──────── Dataset extract ────────

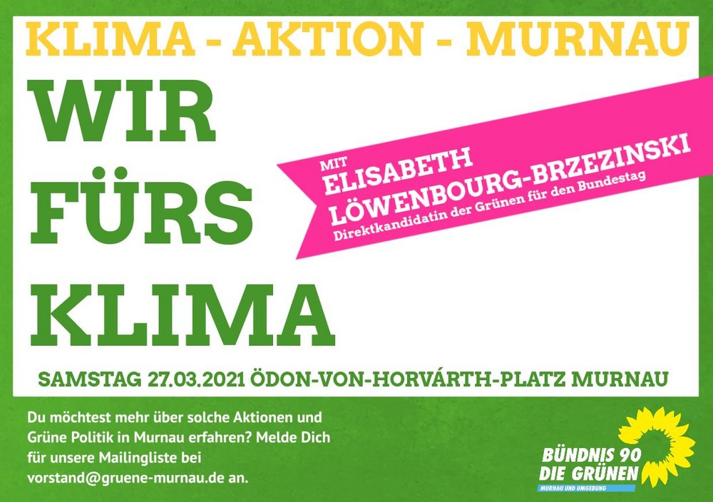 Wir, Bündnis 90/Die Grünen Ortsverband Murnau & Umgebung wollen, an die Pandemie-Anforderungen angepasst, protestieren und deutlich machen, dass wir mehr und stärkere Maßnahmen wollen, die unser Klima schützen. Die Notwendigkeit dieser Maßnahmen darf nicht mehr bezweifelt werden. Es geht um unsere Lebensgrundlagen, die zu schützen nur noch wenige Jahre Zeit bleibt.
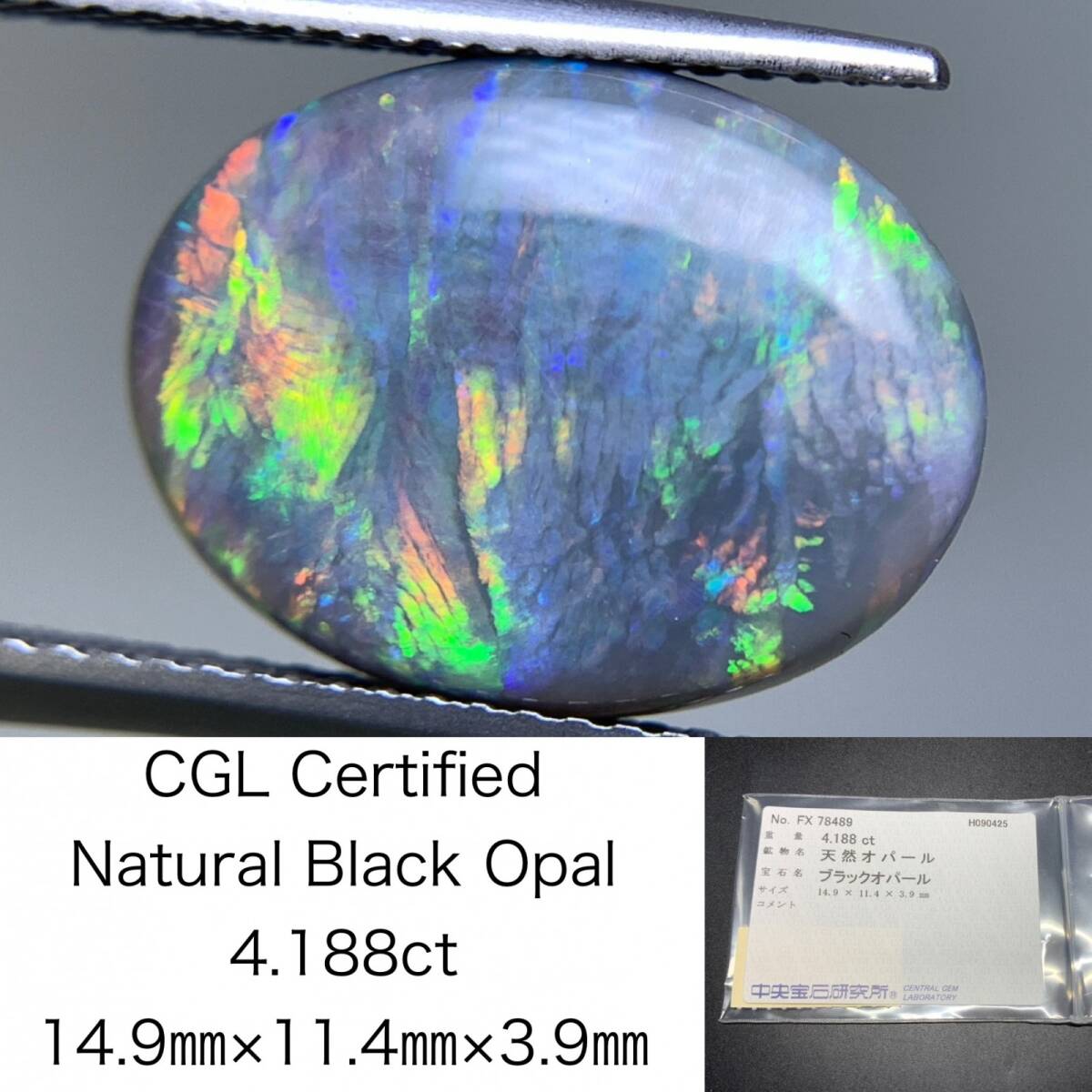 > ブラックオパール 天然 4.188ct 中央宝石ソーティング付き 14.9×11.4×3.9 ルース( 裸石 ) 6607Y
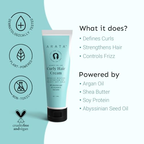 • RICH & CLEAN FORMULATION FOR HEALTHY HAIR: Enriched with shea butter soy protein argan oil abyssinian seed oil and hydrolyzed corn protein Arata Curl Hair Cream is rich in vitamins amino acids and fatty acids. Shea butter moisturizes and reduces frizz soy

────────

_Aim of the task_
Starting with the opening line of the listing, write out each line exactly until the line that contains "ルース( 裸石 ) 6607Y" has been included; skip the pictures.

_Solved problem_
 Wir, Bündnis 90/Die Grünen Ortsverband Murnau & Umgebung wollen, an die Pandemie-Anforderungen angepasst, protestieren und deutlich machen, dass wir mehr und stärkere Maßnahmen wollen, die unser Klima schützen. Die Notwendigkeit dieser Maßnahmen darf nicht mehr bezweifelt werden. Es geht um unsere Lebensgrundlagen, die zu schützen nur noch wenige Jahre Zeit bleibt.
 > ブラックオパール 天然 4.188ct 中央宝石ソーティング付き 14.9×11.4×3.9 ルース( 裸石 ) 6607Y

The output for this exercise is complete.